▸ WORK INSTRUCTIONS: Print the entries exactly as they appear, and omit any images.

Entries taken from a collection
==============================

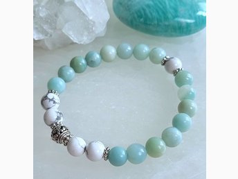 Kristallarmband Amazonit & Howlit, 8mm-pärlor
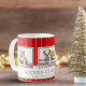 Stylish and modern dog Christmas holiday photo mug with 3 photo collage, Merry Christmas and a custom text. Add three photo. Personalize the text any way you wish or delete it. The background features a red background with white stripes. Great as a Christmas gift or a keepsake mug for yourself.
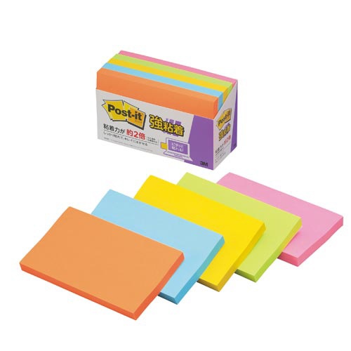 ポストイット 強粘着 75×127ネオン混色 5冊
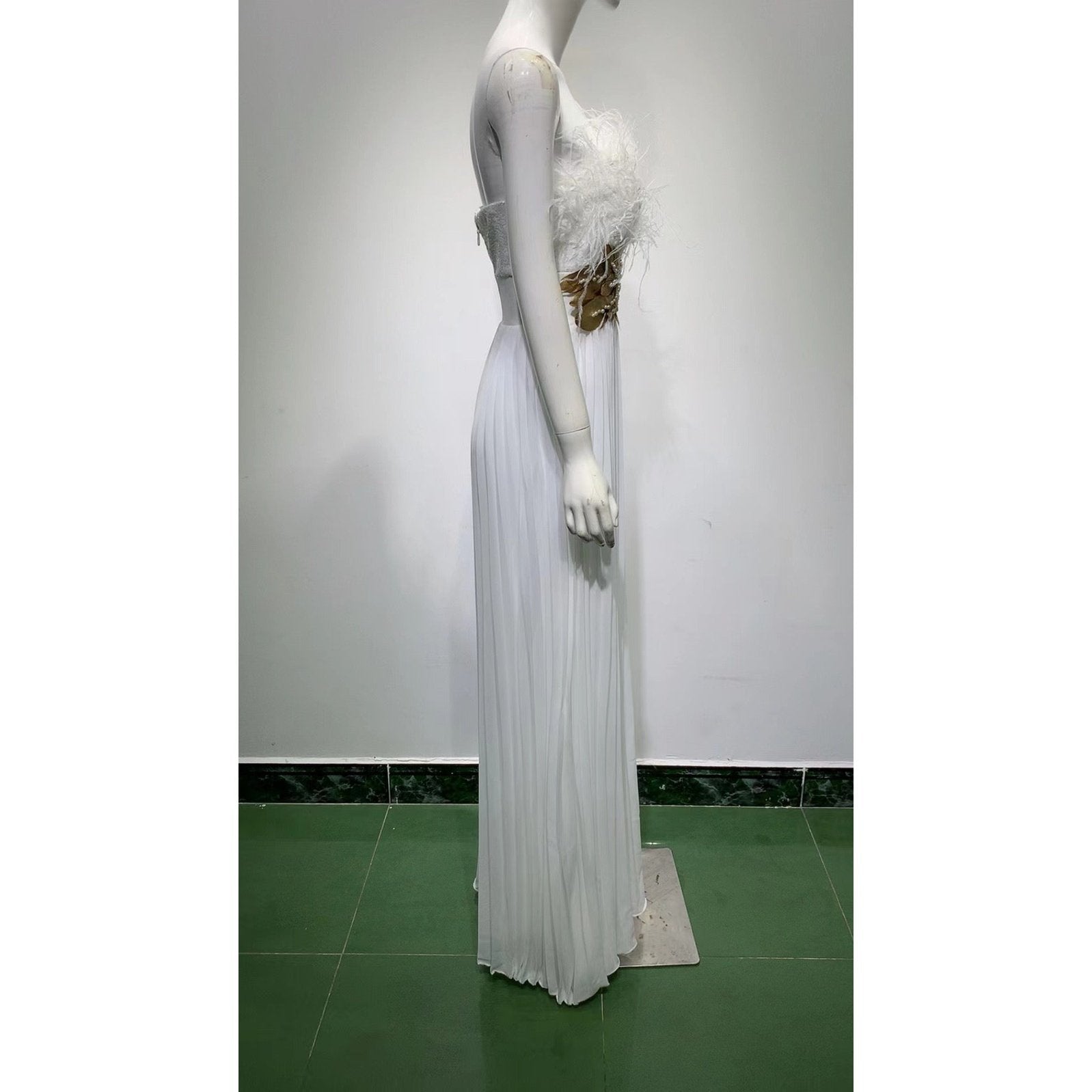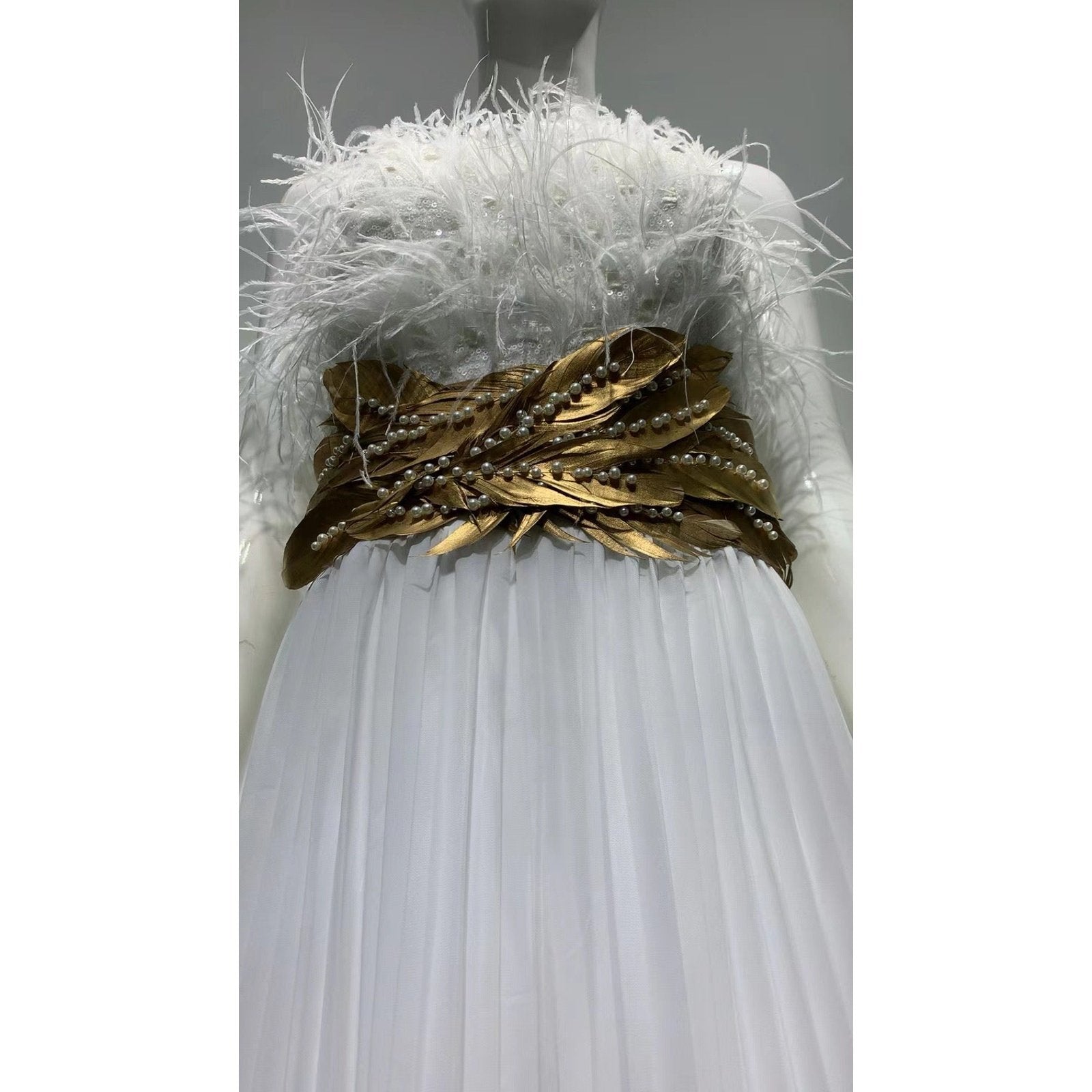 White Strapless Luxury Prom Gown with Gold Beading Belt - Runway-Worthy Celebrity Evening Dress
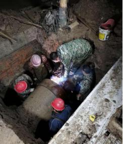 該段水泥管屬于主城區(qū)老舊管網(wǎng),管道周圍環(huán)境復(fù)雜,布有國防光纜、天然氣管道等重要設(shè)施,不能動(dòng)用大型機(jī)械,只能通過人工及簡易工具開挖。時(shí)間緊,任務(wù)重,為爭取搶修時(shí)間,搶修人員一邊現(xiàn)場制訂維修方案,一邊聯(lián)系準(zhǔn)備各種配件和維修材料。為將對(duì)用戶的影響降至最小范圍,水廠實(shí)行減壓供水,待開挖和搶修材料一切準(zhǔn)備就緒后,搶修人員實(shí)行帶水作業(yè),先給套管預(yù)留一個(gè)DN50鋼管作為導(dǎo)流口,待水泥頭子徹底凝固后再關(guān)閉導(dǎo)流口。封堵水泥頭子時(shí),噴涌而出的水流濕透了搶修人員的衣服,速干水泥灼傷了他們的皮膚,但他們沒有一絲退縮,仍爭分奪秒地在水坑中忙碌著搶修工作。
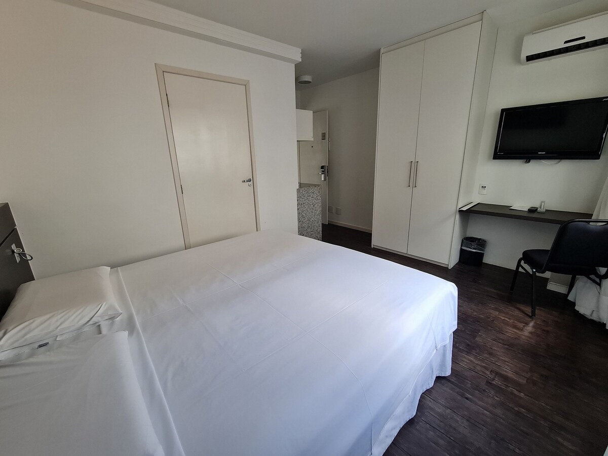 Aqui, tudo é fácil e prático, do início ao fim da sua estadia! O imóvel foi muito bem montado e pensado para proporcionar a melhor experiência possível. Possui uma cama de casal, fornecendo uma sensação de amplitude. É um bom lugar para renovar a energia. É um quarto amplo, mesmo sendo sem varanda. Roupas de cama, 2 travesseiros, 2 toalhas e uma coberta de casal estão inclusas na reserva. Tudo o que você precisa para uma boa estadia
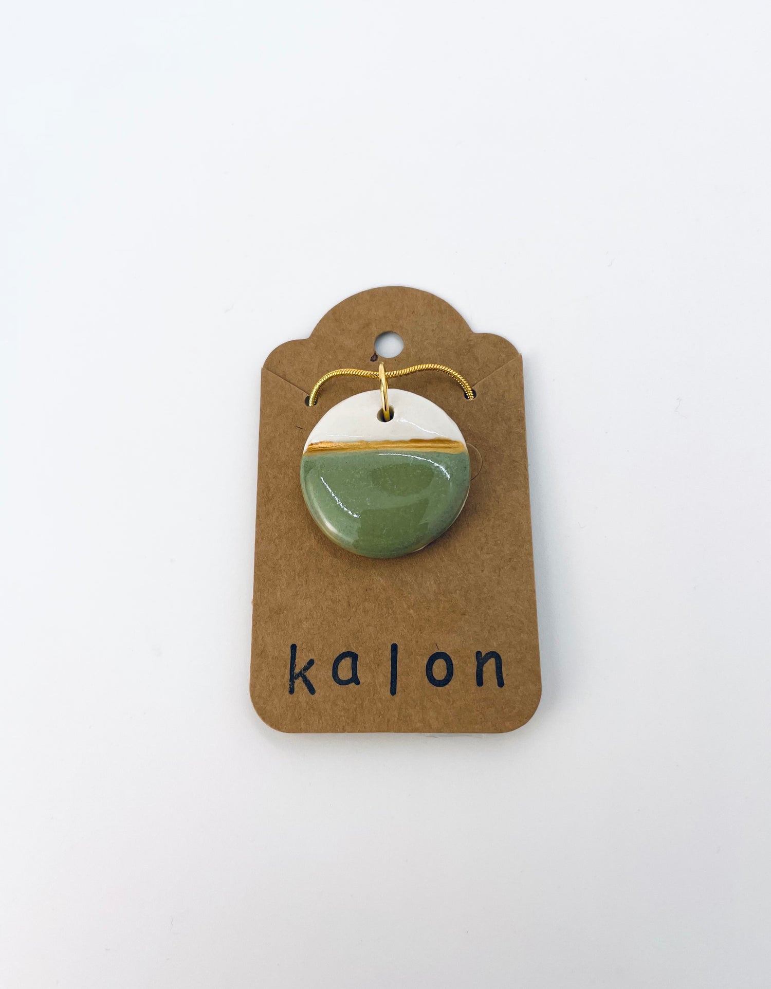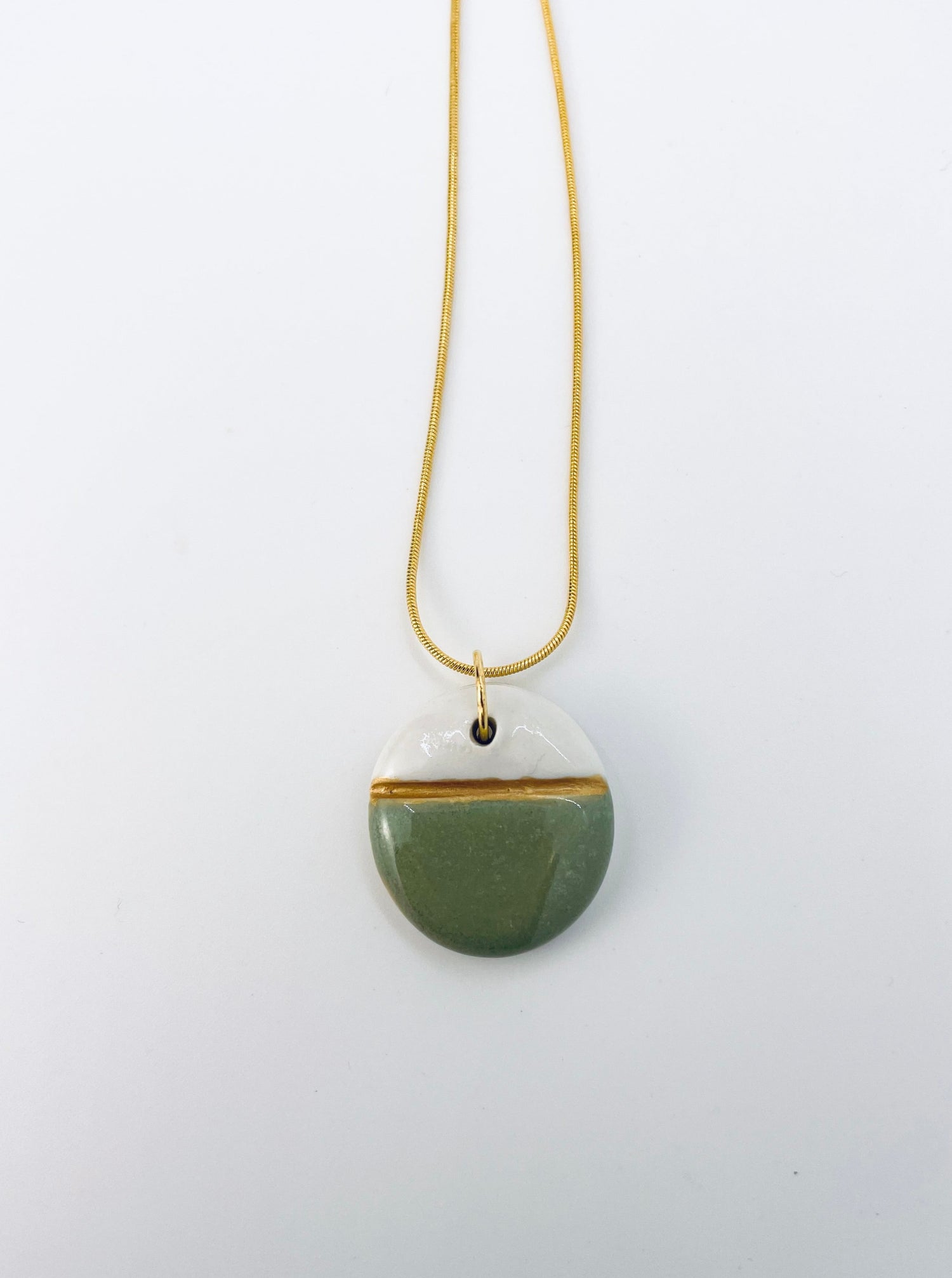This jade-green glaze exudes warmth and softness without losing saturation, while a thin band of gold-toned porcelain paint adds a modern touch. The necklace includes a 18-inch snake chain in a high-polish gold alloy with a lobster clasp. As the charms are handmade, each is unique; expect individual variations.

==============================

▸ ANSWER SECTION:
 Kristallarmband Amazonit & Howlit, 8mm-pärlor
 Stylish and modern dog Christmas holiday photo mug with 3 photo collage, Merry Christmas and a custom text. Add three photo. Personalize the text any way you wish or delete it. The background features a red background with white stripes. Great as a Christmas gift or a keepsake mug for yourself.
 ポストイット 強粘着 75×127ネオン混色 5冊
 White Strapless Luxury Prom Gown with Gold Beading Belt - Runway-Worthy Celebrity Evening Dress
 該段水泥管屬于主城區(qū)老舊管網(wǎng),管道周圍環(huán)境復(fù)雜,布有國防光纜、天然氣管道等重要設(shè)施,不能動(dòng)用大型機(jī)械,只能通過人工及簡易工具開挖。時(shí)間緊,任務(wù)重,為爭取搶修時(shí)間,搶修人員一邊現(xiàn)場制訂維修方案,一邊聯(lián)系準(zhǔn)備各種配件和維修材料。為將對(duì)用戶的影響降至最小范圍,水廠實(shí)行減壓供水,待開挖和搶修材料一切準(zhǔn)備就緒后,搶修人員實(shí)行帶水作業(yè),先給套管預(yù)留一個(gè)DN50鋼管作為導(dǎo)流口,待水泥頭子徹底凝固后再關(guān)閉導(dǎo)流口。封堵水泥頭子時(shí),噴涌而出的水流濕透了搶修人員的衣服,速干水泥灼傷了他們的皮膚,但他們沒有一絲退縮,仍爭分奪秒地在水坑中忙碌著搶修工作。
 Aqui, tudo é fácil e prático, do início ao fim da sua estadia! O imóvel foi muito bem montado e pensado para proporcionar a melhor experiência possível. Possui uma cama de casal, fornecendo uma sensação de amplitude. É um bom lugar para renovar a energia. É um quarto amplo, mesmo sendo sem varanda. Roupas de cama, 2 travesseiros, 2 toalhas e uma coberta de casal estão inclusas na reserva. Tudo o que você precisa para uma boa estadia
This jade-green glaze exudes warmth and softness without losing saturation, while a thin band of gold-toned porcelain paint adds a modern touch. The necklace includes a 18-inch snake chain in a high-polish gold alloy with a lobster clasp. As the charms are handmade, each is unique; expect individual variations.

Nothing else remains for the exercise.